Good evening; can you help me with the problem?
Let an $ n\times n$ matrix A have eigenvalues $\alpha_{1},...\alpha_n$ and eigenvectors ${a}_{1},.. {a}_{n}$ Find eigenvalues and eigenvectors for operator $$L:{Mat}_{n\times m} \to {Mat}_{n\times m}, \; L(X) = AX;$$
I tried to present $$ x = v *u^T ,$$ where $v$ is $n\times n$ and $u^T$ is $n\times m$ , but what to do next, I don't understand.
I looked for examples of similar problems, but I found nothing.
On
Let $A$ and $X=\begin{bmatrix}x_1&x_2&\dots&x_m\end{bmatrix}$ be as you defined, where $x_i$ is the $i^{\text{th}}$ column of $X$. Then, recall that $$ AX=\begin{bmatrix}Ax_1&Ax_2&\dots&Ax_m\end{bmatrix}. $$
An eigenvector for the operator you defined is a nonzero matrix $X$ so that $AX=\lambda X$ for some $\lambda$.
Let $X_j^i$ be the matrix consisting of all zeros except that vector $a_j$ is in column $i$. In other words, $$ X_j^i=\begin{bmatrix}0&0&\dots&0&a_j&0&\dots&0\end{bmatrix}. $$ Then, \begin{align} AX_j^i&=\begin{bmatrix}A0&A0&\dots&A0&Aa_j&A0&\dots&A0\end{bmatrix}\\ &=\begin{bmatrix}0&0&\dots&0&\lambda_ja_j&0&\dots&0\end{bmatrix}=\lambda_jX_j^i. \end{align}
Therefore, $X_j^i$ is an eigenvector for this map, are these all of the eigenvectors/eigenvalues (how many eigenvalues do you expect and how many have you found)?
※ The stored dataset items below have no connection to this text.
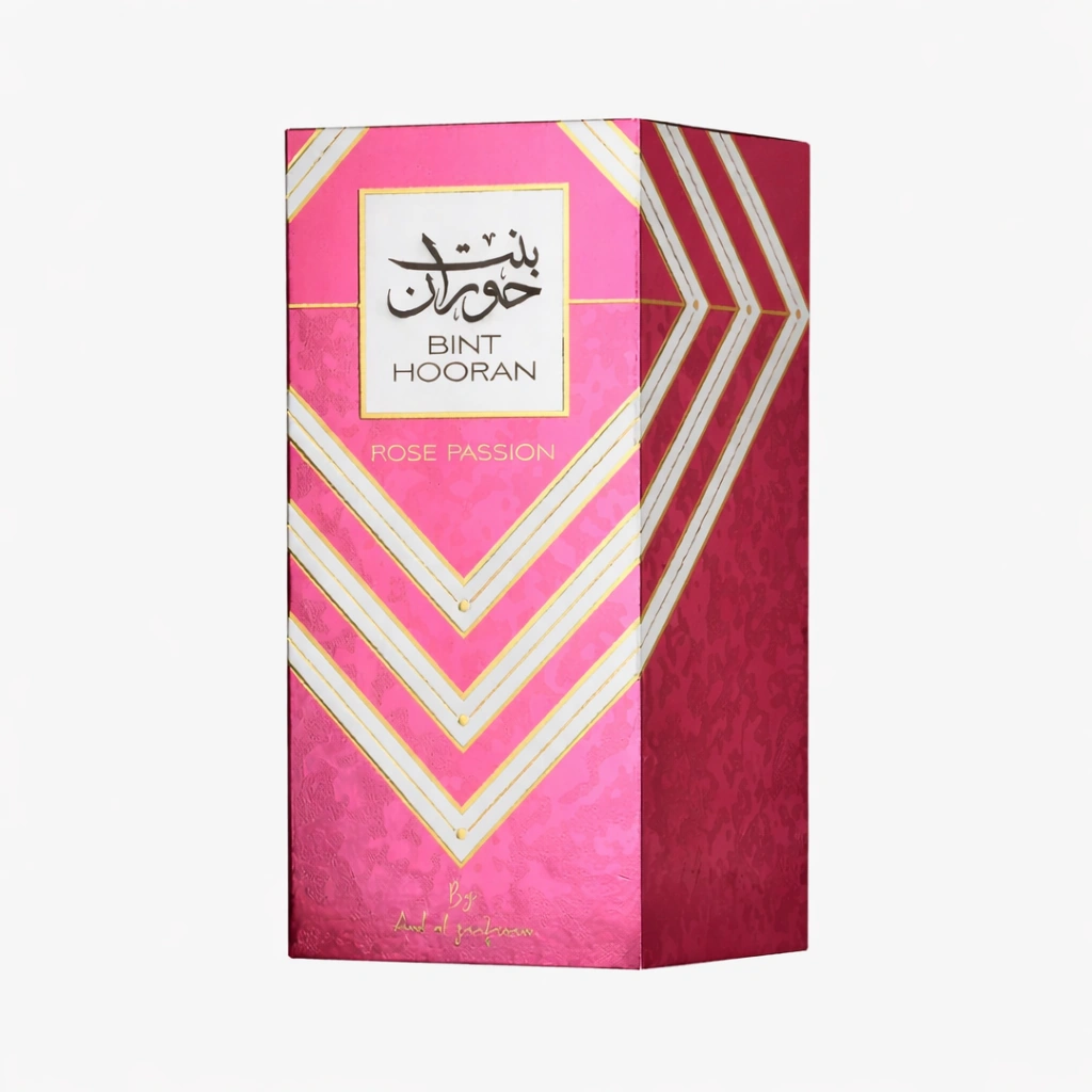 It opens with a burst of lychee, blackcurrant, and apple, creating a crisp and juicy introduction. The heart reveals a luxurious mix of peony, raspberry, and praline, adding a soft floral sweetness with a rich and indulgent twist. As the fragrance settles, the base of cedarwood, amber, and vanilla provides a warm and creamy finish that lingers beautifully. Bint Hooran Rose Passion is a captivating scent that combines freshness, sweetness, and depth in perfect harmony.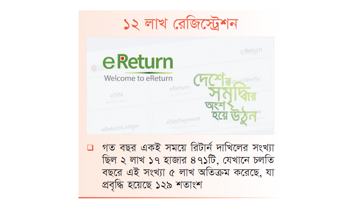 ২০২৪-২০২৫ করবর্ষে অনলাইনে আয়কর রিটার্ন দাখিলের সংখ্যা ৫ লাখ ছাড়িয়ে গেছে। একই সঙ্গে অনলাইনে রিটার্ন দাখিলের উদ্দেশ্যে ১২ লাখ ৫০ হাজার করদাতা রেজিস্ট্রেশন করেছেন। গত বছর একই সময়ে রিটার্ন দাখিলের সংখ্যা ছিল ২ লাখ ১৭ হাজার ৪৭১টি, যেখানে চলতি বছরে এই সংখ্যা ৫ লাখ অতিক্রম করেছে, যা প্রবৃদ্ধি হয়েছে ১২৯ শতাংশ। এনবিআরের পক্ষ থেকে এই সাফল্যের জন্য করদাতাদের ধন্যবাদ জানানো হয়েছে।
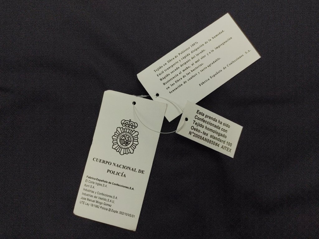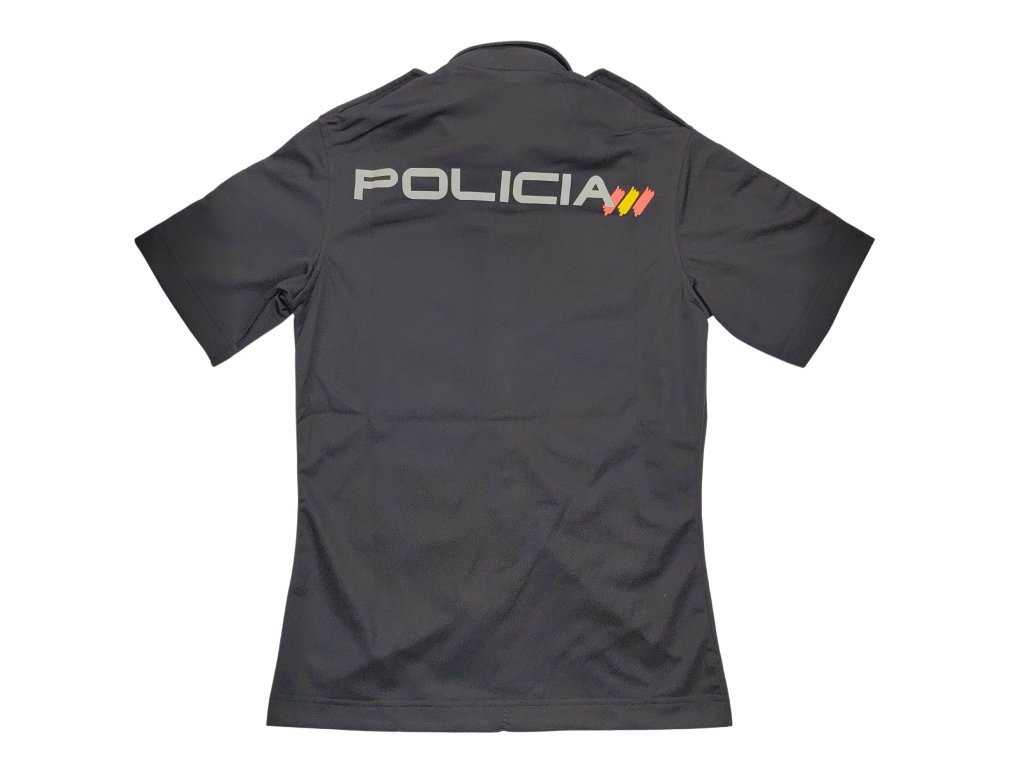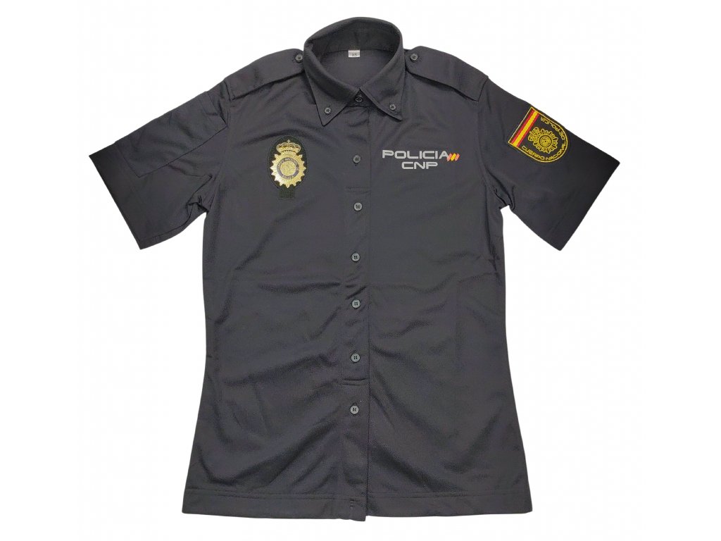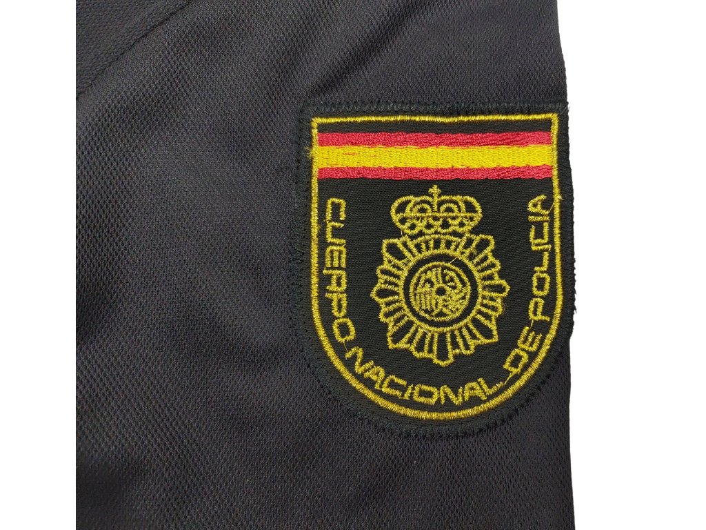- Krátký rukáv zakončený obšitým lemem, na pravém rukávu nášivka s policejním logem a španělským nápisem Cuerpo Nacional de Policía.

Let $X$ be an eigenvector for $L$, i.e. a non-zero matrix such that $$AX=\lambda X.$$ Write $X=(x_1,\dots, x_n)$, whith columns $x_1,\dots, x_n$. The above equation can then be read column-wise as $$Ax_i=\lambda x_i.$$ So you see that every column of $X$ has to be an eigenvector of $A$ with corresponding eigenvalue $\lambda$ or the zero vector.